In terms of language, the Greek word for repentance means to change one’s mind. We know, however, from the context and witness of scripture, that true repentance is a changed mind resulting in a changed life.
But practically, what are we talking about? I propose two categories, both of which are described and mandated in God’s Word.
The first is once-for-all repentance. It’s an acknowledgement of our separation from God and our need for him, and then changing our mind about God such that we give him our lives. It’s what Paul describes in 2 Corinthians 7 where he tells us “Godly sorrow brings repentance that leads to salvation and leaves no regret, but worldly sorrow brings death.”
This kind of repentance is the difference between heaven and hell, between being in Christ and being in darkness. Have you heard Paul was overjoyed at the “godly sorrow” that produced repentance and then transformation? Do you remember what Jesus says in Luke 15: “There will be more rejoicing in heaven over one sinner who repents than over 99 righteous persons.” This is the initial repentance at the moment of our salvation, when we, by the power and prodding of the Spirit, see our utter need of him and surrender our lives not to our desires, but to God’s.
So there is this first repentance that leads to conversion, that comes with our justification in Christ. And our temptation is to think that’s it. After all, if we’re no longer under condemnation, do we need to keep repenting? Does God even care about our sins anymore?
As his Word testifies, he does and we must.
The second kind of repentance is ongoing. We are not repenting for the purpose of our justification—we’ve already done that—now we repent because our sins disrupt our fellowship with Christ. Even though we are saved, we can still be distant from God.
1 John was written to those who were already Christians, and yet he tells them to keep repenting. He says “If we confess our sins, he is faithful and just and will forgive us our sins and purify us from all unrighteousness.” Likewise, Jesus taught those who were already his disciples to pray, “Forgive us our sins.”
We are constantly going back to God, and he is constantly working to reorient our hearts and reform our minds to be more like him. Such continuing repentance is evidence—and must bear fruit, as Jesus says in Luke 3—of our salvation. Repentance is evidence, perhaps ironically, that we are “walking in the light,” rather than darkness.

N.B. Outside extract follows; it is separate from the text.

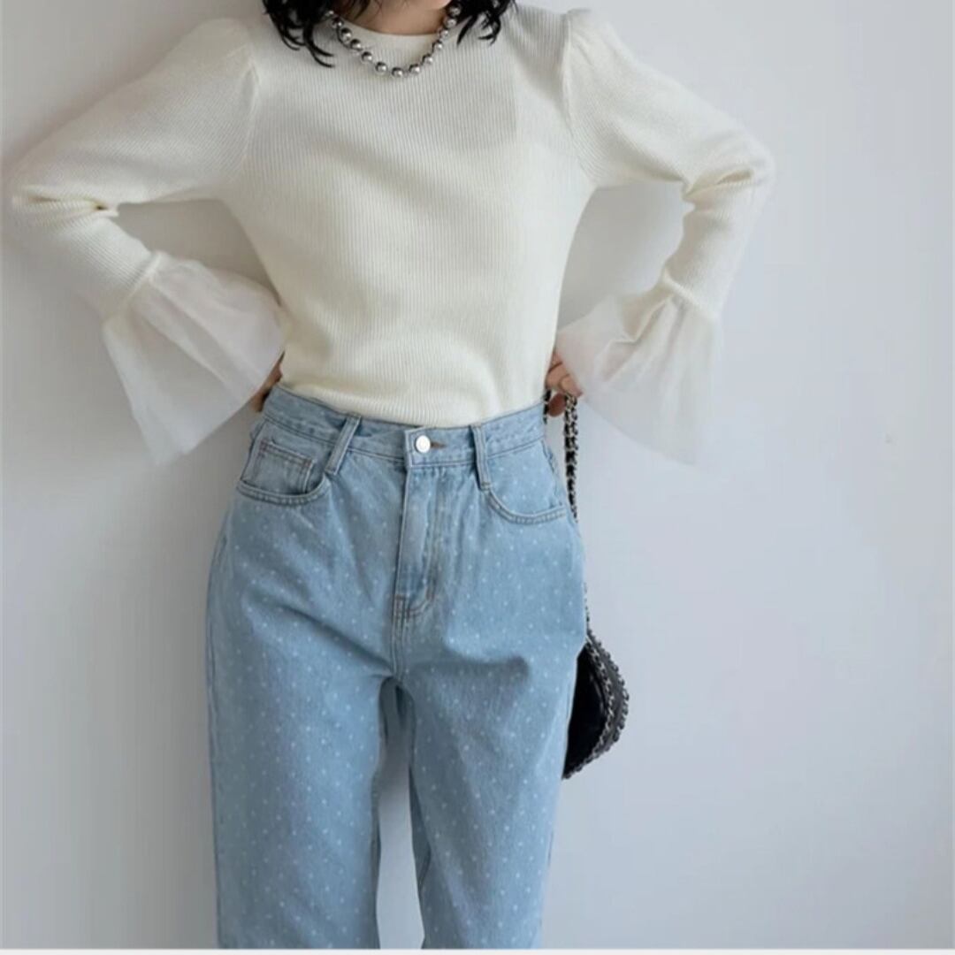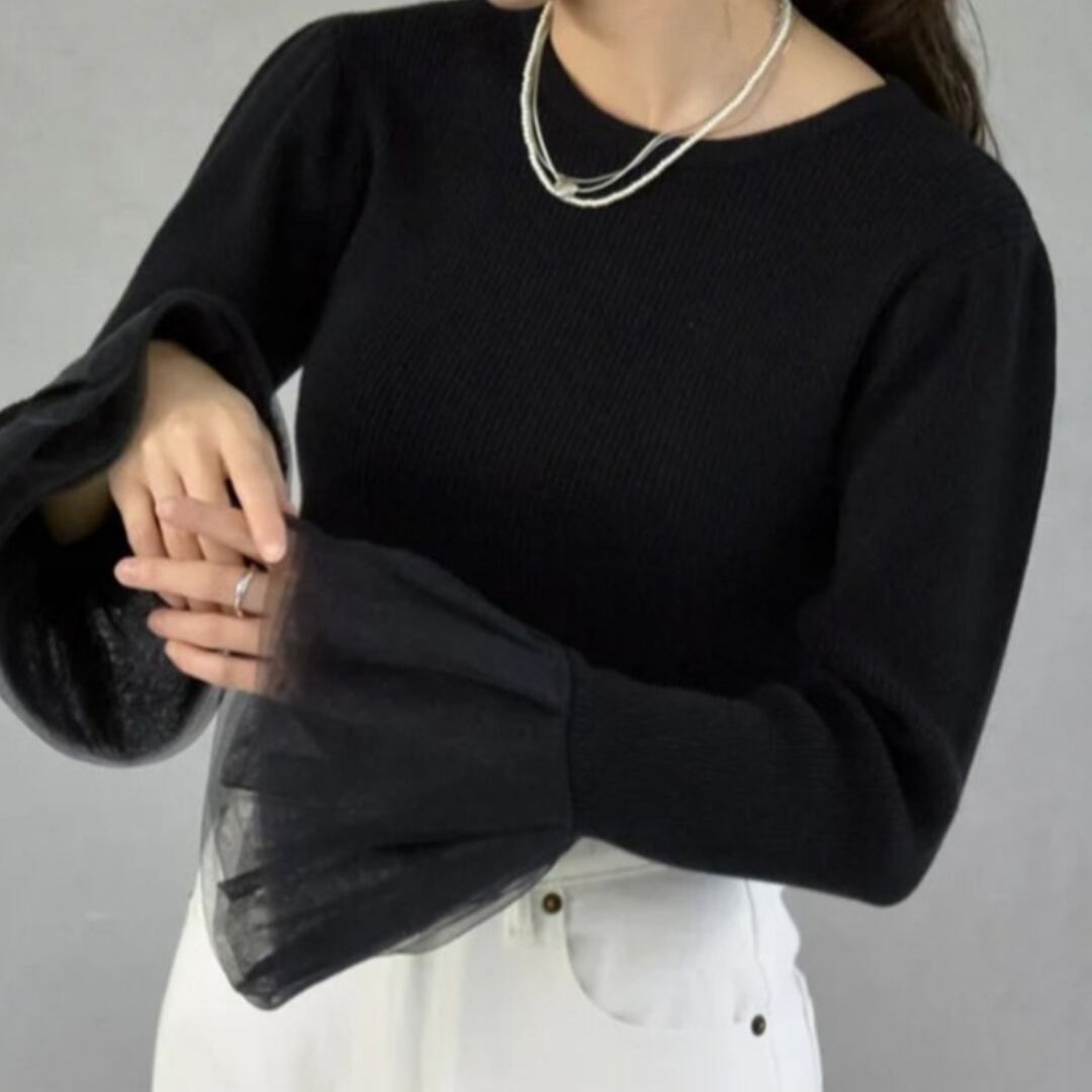 大人可愛い袖口フリジングニットで、シンプルだけど特別なスタイルを楽しもう✨

So repentance and faith go together. Our being born again is the occasion of our first, all-encompassing repentance—shifting our minds and lives toward God’s way. But the life of a Christian is repeatedly returning to repentance—as often as we need it, hopefully less and less as we mature in Christ, but never leaving it behind—not for our salvation, but as evidence and reliance on Christ’s work for and in us.